Methods: A survey was undertaken of parents of children with established asthma attending an outpatient clinic at a district general hospital in the Northwest of England. Data were collected using a structured asthma specific information needs questionnaire, which employed a Thurstonian paired comparisons approach. This consisted of all possible pairings of nine ‘‘core information needs’’, previously identified in adults with asthma (Caress, et al. Patient Educ Couns 2002;47:319–27), adapted for use with parents of children with asthma.
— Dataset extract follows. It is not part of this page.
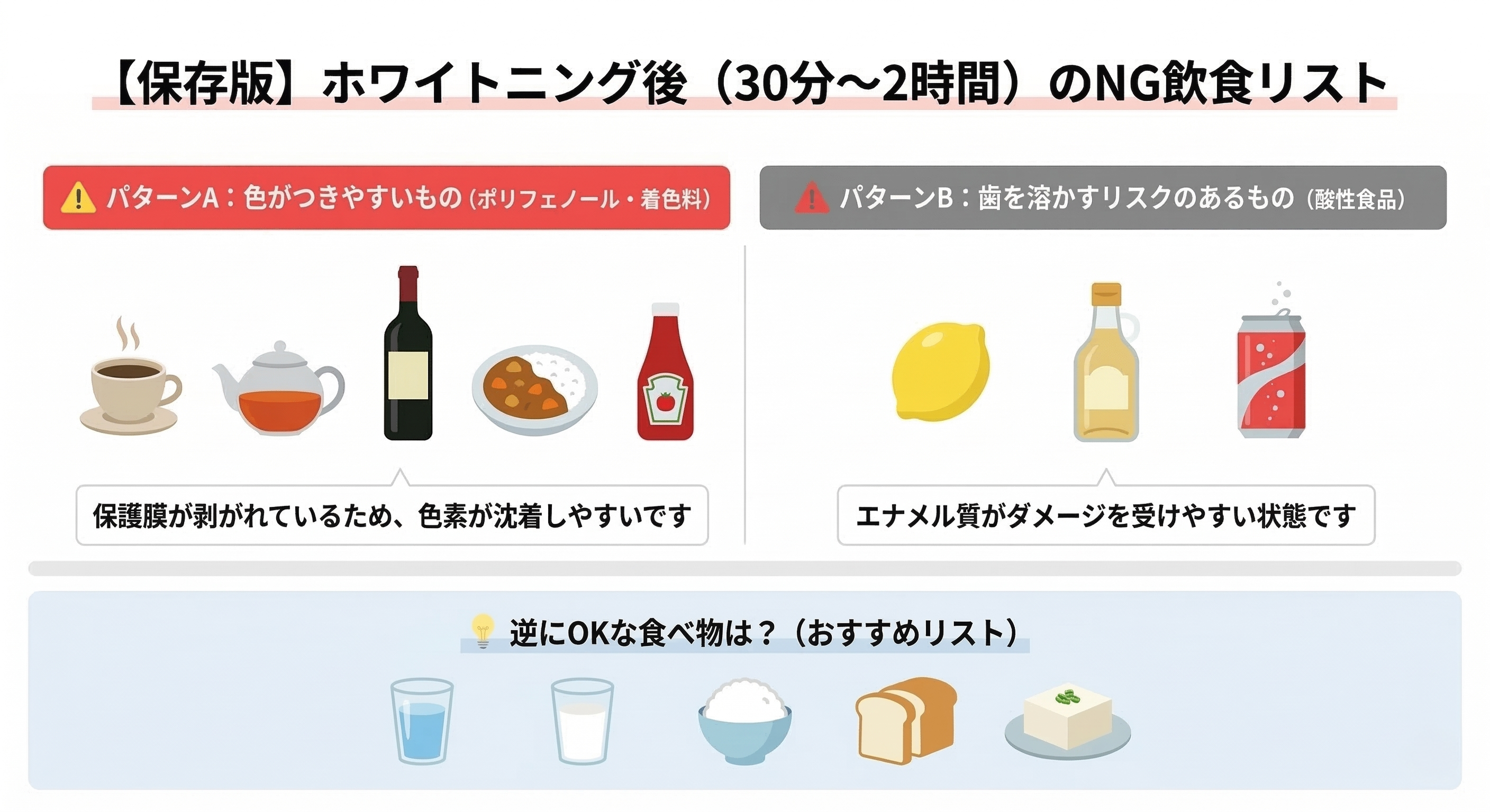 ホワイトニング後30分〜2時間は、歯の表面を守る膜(ペリクルという保護膜)が一時的に剥がれた状態になります。

Results: Parents of 29 children (child’s median age 8.0 years, IQ range 5.1–12.3; median time since asthma diagnosis 3.7 years) completed the survey. Information needs were prioritised as shown in the table (information needs with Thurstone scale values). Six (20%) respondents were satisfied/very satisfied with their level of information about their current top priority area, while six (20%) were dissatisfied/very dissatisfied. The majority of parents (25/29) were unable to identify additional information needs, while three parents highlighted the need for information on action to take when their child was unwell (that is, an asthma action plan). The majority of parents stated that they would most prefer to receive information from their child’s doctor (22/29) and/or asthma nurse (12/29). Main reasons for this choice were ‘‘confidence in their knowledge’’ and ‘‘familiarity with their child’s asthma’’.
Conclusion: Further work is required to better understand why parents value specific items. Some parents identified the need for an asthma action plan. A larger study is now required to validate these findings, in particular to establish whether information about self-management plans needs incorporating into the instrument.